Bumbanet: Gibt es bei dir im Studio einen Ehrenkodex, wie zum Beispiel ein Punch-In-Verbot oder zeitliche Vorgaben zum Schreiben der Texte?
Olli Banjo: Nein, wenn MCs zu uns ins Studio kommen, dann gibt es für sie absolute Freiheit. Die können arbeiten, wie sie es gewohnt sind und wie sie es wollen. Ich finde das irgendwie blöd Leute einzuschränken, denn die besten Performances kommen dabei heraus, wenn die Gäste sich wohlfühlen bei uns... Aber ich habe schon mal so einen Track mit Zeitvorgabe gemacht, und zwar mit Savas und Reno zusammen. Da haben wir uns mal gesagt: Der Text muss in zehn Minuten stehen.
Bumbanet: Du meinst „Ready to rumble“ von der „Deutschland“-Single.
Olli Banjo: Genau, aber da bin ich auch extrem unzufrieden mit meiner Strophe. Die finde ich voll Kacke (lacht).
Bumbanet: Gibt es irgendwelche herausstechenden Kollaborationen auf „Sparring“?
Olli Banjo: Der Text von Eißfeldt ist halt ein absoluter Knaller.
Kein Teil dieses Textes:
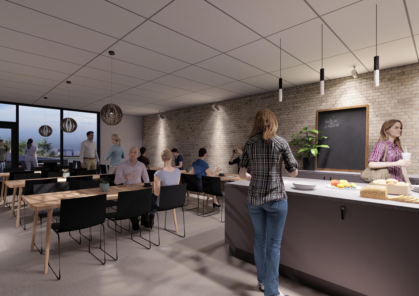 Kunnskapsparken vil ha flere møterom som leietakerne kan reservere, og en felles kantine i andre etasje med tilhørende terrasse der man kan nyte lunsjen en solfylt dag.

Auf Kommando fällt mir jetzt aber nichts ein. Sehr krass war schon die professionelle Einstellung von Xavier Naidoo, aber der Track mit ihm wird ebenfalls nicht auf „Sparring“ kommen, sondern auf mein zweites Soloalbum. Der Typ ist ein absoluter Vollprofi. Der braucht sich auch nicht warm singen, sondern kommt ins Studio, geht in die Kabine, singt das Ding ein und fertig. Dann ist Savas natürlich einer meiner Lieblingsrapper aus Deutschland. Mit Sido ist die Zusammenarbeit auch immer cool, weil der sich nicht so den Kopf um alles mögliche macht, sondern einfach nur versucht, ein lustiges Ding zu schreiben. Außerdem fand ich es sehr schön, einen richtigen Track mit meinen Homies Leetow und DJ Flow zu machen. Leetow ist mein Backup-MC.
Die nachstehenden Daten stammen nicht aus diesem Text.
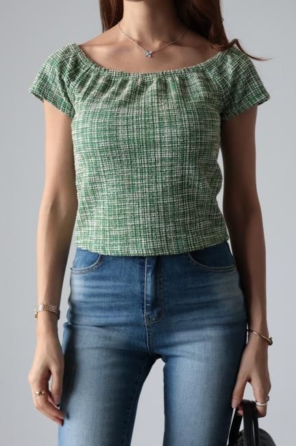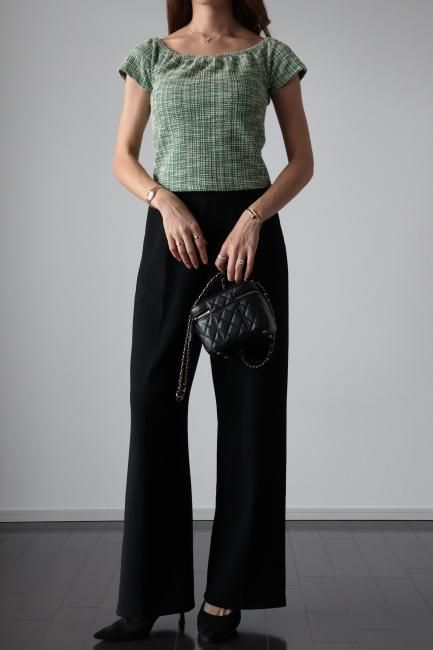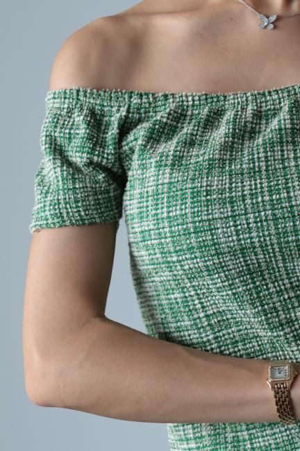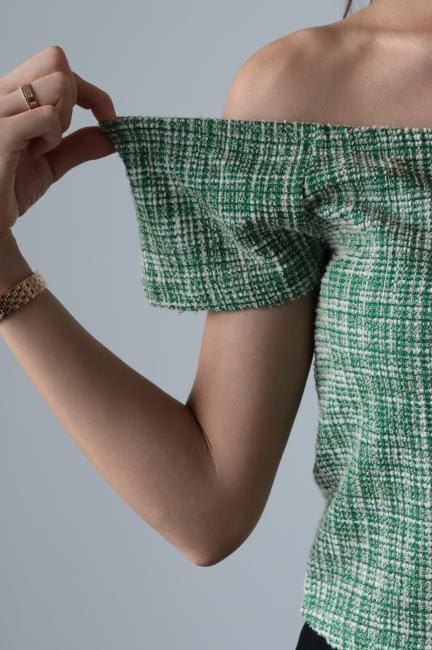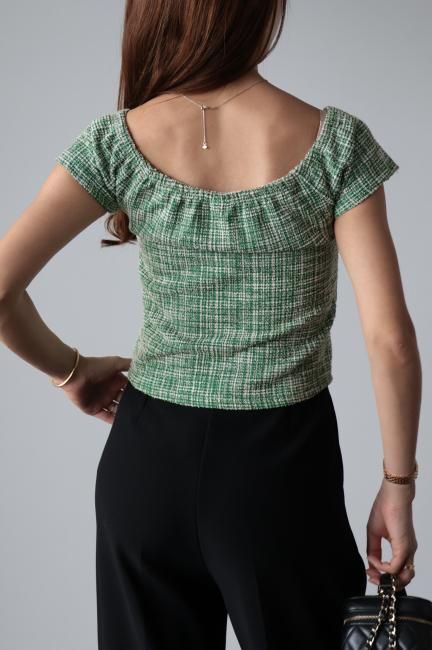 ラメ糸が折り込まれた柔らかなツイード生地感がポイント。

Bumbanet: Sido hat ja auch einen großen Teil seines Albums „Maske“ bei euch in den Headrush-Studios aufgenommen. Wie siehst du diese ganze Aggro Berlin-Geschichte?
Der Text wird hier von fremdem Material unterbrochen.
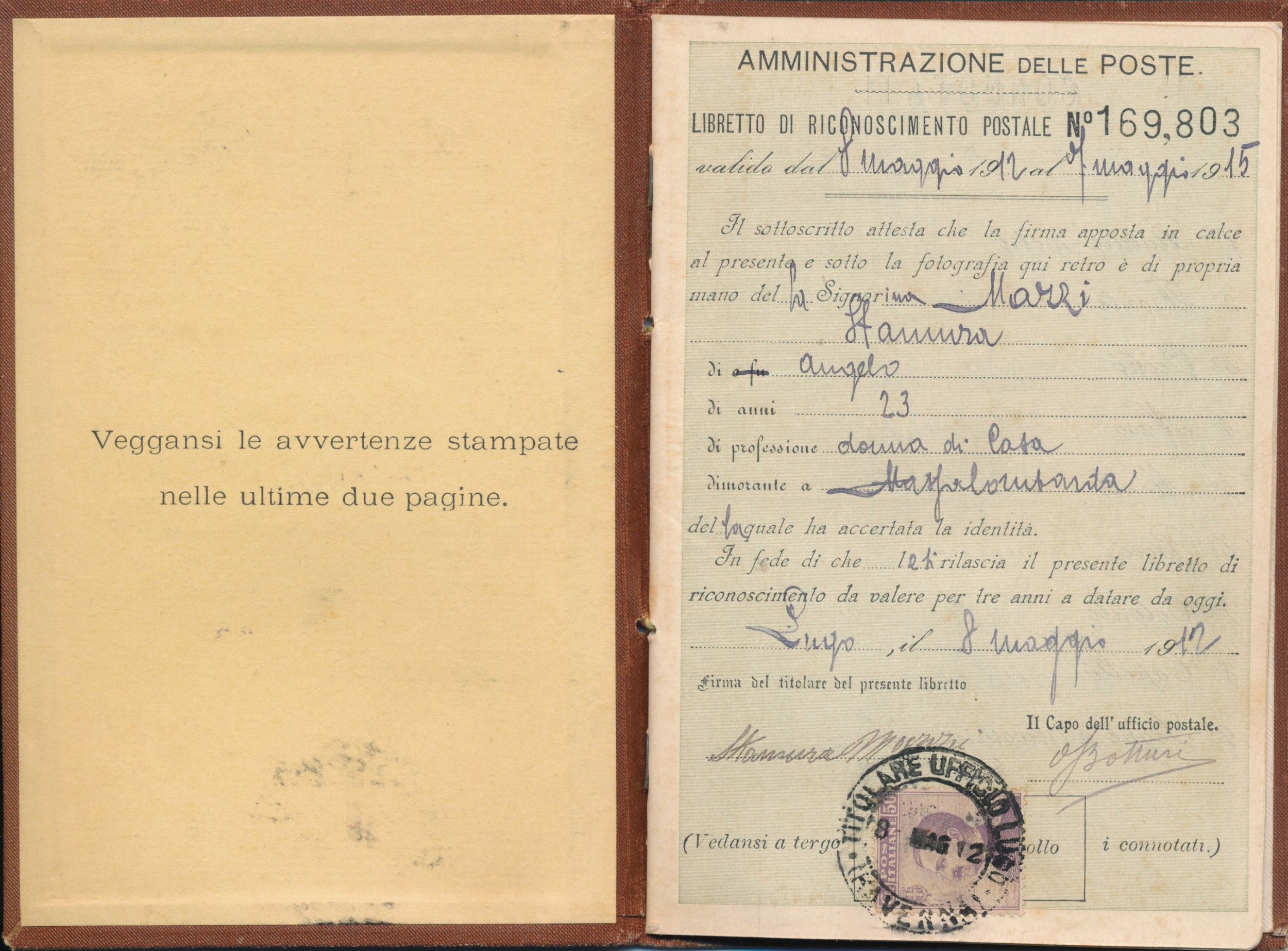 1912 - Regno d’Italia - Libretto di Riconoscimento postale per l’interno 8 maggio [..]

Olli Banjo: Ich finde es unfassbar krass, was Aggro an den Start gebracht hat. Unabhängig von der Musik ist es einfach businessmäßig sehr heftig, was die sich aufgebaut haben, und das mit den geringen Mitteln, die auch jedem anderen Independent-Label zur Verfügung stehen. Die leben natürlich von ihrem krassen Image. Das polarisiert sehr stark, liegt ja auf der Hand. Die Medien differenzieren da aber nicht genug, was man von ihnen auch nicht unbedingt verlangen kann, mit Ausnahme der Juice meinetwegen. Aggro Berlin ist ja nicht ein einziger Brei. Sido macht zum Beispiel etwas ganz anderes als Bushido. [der inzwischen nicht mehr bei Aggro Berlin ist, Anm.d.Verf.]